Is Taare Zameen Par Oscar-worthy?
Taare Zameen Par  

India’s farfetched Oscar dreams are once again being rekindled with Taare Zameen Par competing as the country’s official entry in the foreign language category. While the question of craving for Oscar’s attention is a separate case in point worth discussing, it’s also important to ponder over the nominations from the Indian side.

Are we, as a nation inhibited by the best of creative minds, sincerely nominating movies for the only possible category based on what the movie has to offer? Or simply because the movie has attained commercial and critical success? The latter seems to be the case, clearly.

TZP is, without a fragment of doubt, one of the finest movies Indian film industry has seen in the past year.
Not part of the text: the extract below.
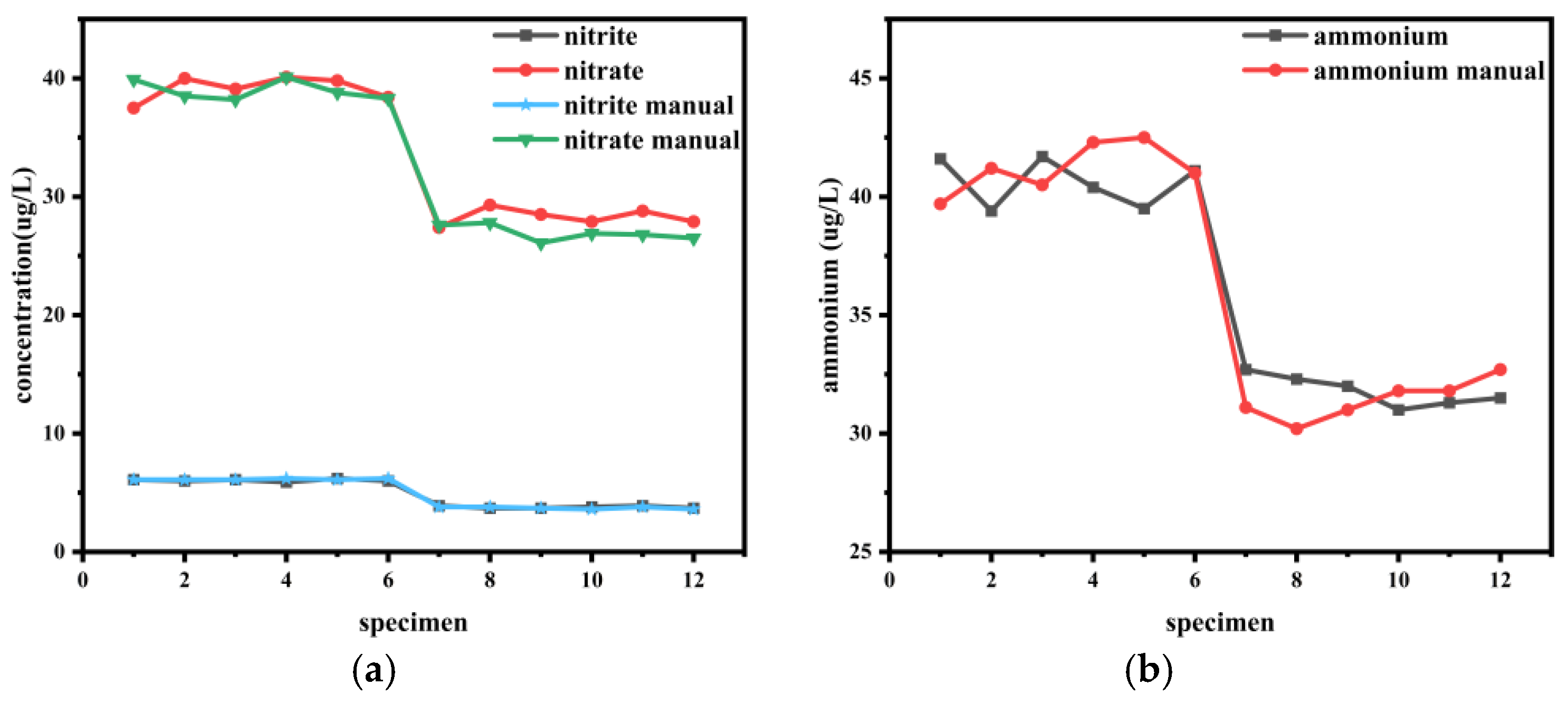 | NH4+ | 40.62 | 41.20 | 31.80 | 31.43 | 0.58 | 0.37 | −1.42 | 1.17 |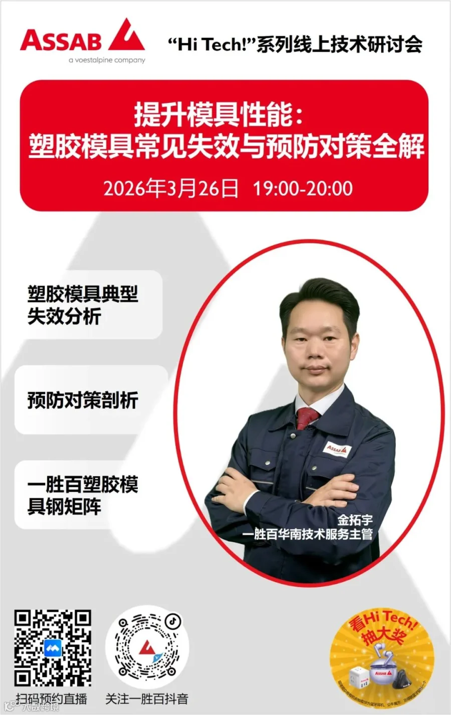 3月26日开播的"Hi Tech!"线上技术研讨会,将由一胜百华南技术服务主管金拓宇开讲,聚焦塑胶模具中典型失效模式,结合一胜百丰富且独特的塑胶钢产品,为您献上失效预防宝典。

It was an attempt to throw light on the forgotten and often overlooked issues prevailing in children such as dyslexia. Same way, TZP was successful in creating awareness of such ailments among parents.
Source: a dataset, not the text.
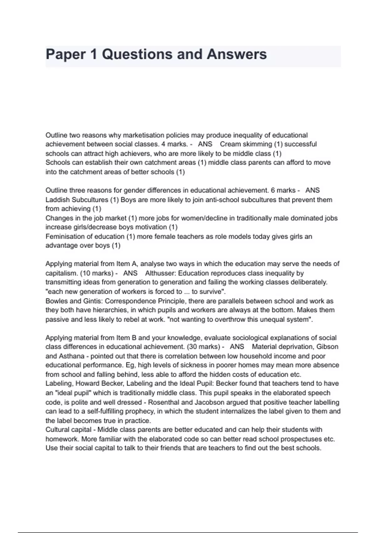 Biology Paper 1 Question And Answers Tested And Verified Outline two reasons why marketisation policies may produce inequality of educational achievement between social classes. 4 marks. - ANS Cream skimming (1) successful schools can attract high achievers, who are more likely to be middle class (1) Schools can establish their own catchment areas (1) middle class parents can afford to move into the catchment areas of better schools (1) Outline three reasons for gender differences in educational achievement. 6 marks - ANS Laddish Subcultures (1) Boys are more likely to join anti-school subcultures that prevent them from achieving (1) Changes in the job market (1) more jobs for women/decline in traditionally male dominated jobs increase girls/decrease boys motivation (1) Feminisation of education (1) more female teachers as role models today gives girls an advantage over boys (1) Applying material from Item A, analyse two ways in which the education may serve the needs of capitalism. (10 marks) - ANS Althusser: Education reproduces class inequality by transmitting ideas from generation to generation and failing the working classes deliberately. "each new generation of workers is forced to ... to survive". Bowles and Gintis: Correspondence Principle, there are parallels between school and work as they both have hierarchies, in which pupils and workers are always at the bottom. Makes them passive and less likely to rebel at work. "not wanting to overthrow this unequal system". Applying material from Item B and your knowledge, evaluate sociological explanations of social class differences in educational achievement. (30 marks) - ANS Material deprivation, Gibson and Asthana - pointed out that there is correlation between low household income and poor educational performance. Eg, high levels of sickness in poorer homes may mean more absence from school and falling behind, less able to afford the hidden costs of education etc. Labeling, Howard Becker, Labeling and the Ideal Pupil: Becker found that teachers tend to have an "ideal pupil" which is traditionally middle class. This pupil speaks in the elaborated speech code, is polite and well dressed - Rosenthal and Jacobson argued that positive teacher labelling can lead to a self-fulfilling prophecy, in which the student internalizes the label given to them and the label becomes true in practice.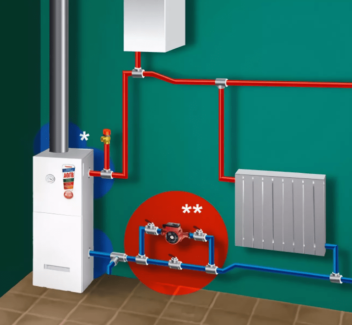 Циркуляционный насос устанавливают на линии «обратки» перед самым котлом. Здесь теплоноситель является наиболее холодным, а значит, насос прослужит дольше.

But, unfortunately, it wasn’t devoid of all the Bollywood’s glitz and glamour. It had hummable songs and a clearly etched out relationship thread between a teacher and a dyslexic boy that was solely an insertion to evoke the so called sentiments of the viewers. It was anything but subtle and in your face, and hence not close to real life. After all, Aamir is a businessman who has apparently only looked at the script from the scope-at-the-box-office perspective.

So our hearts went out for the characters of the movie. We cried and sympathized for Ishaan and his parents and felt fondly for the teacher Nikumbh – but then did we not do the same thing for Dilwale Dulhaniya Le Jayenge and Dil to Paagal Hai - the crying? So where is the difference? Oh yeah, there is no song and dance routine and the most inevitable heroine – but is that innovation at all? May be for Bollywood.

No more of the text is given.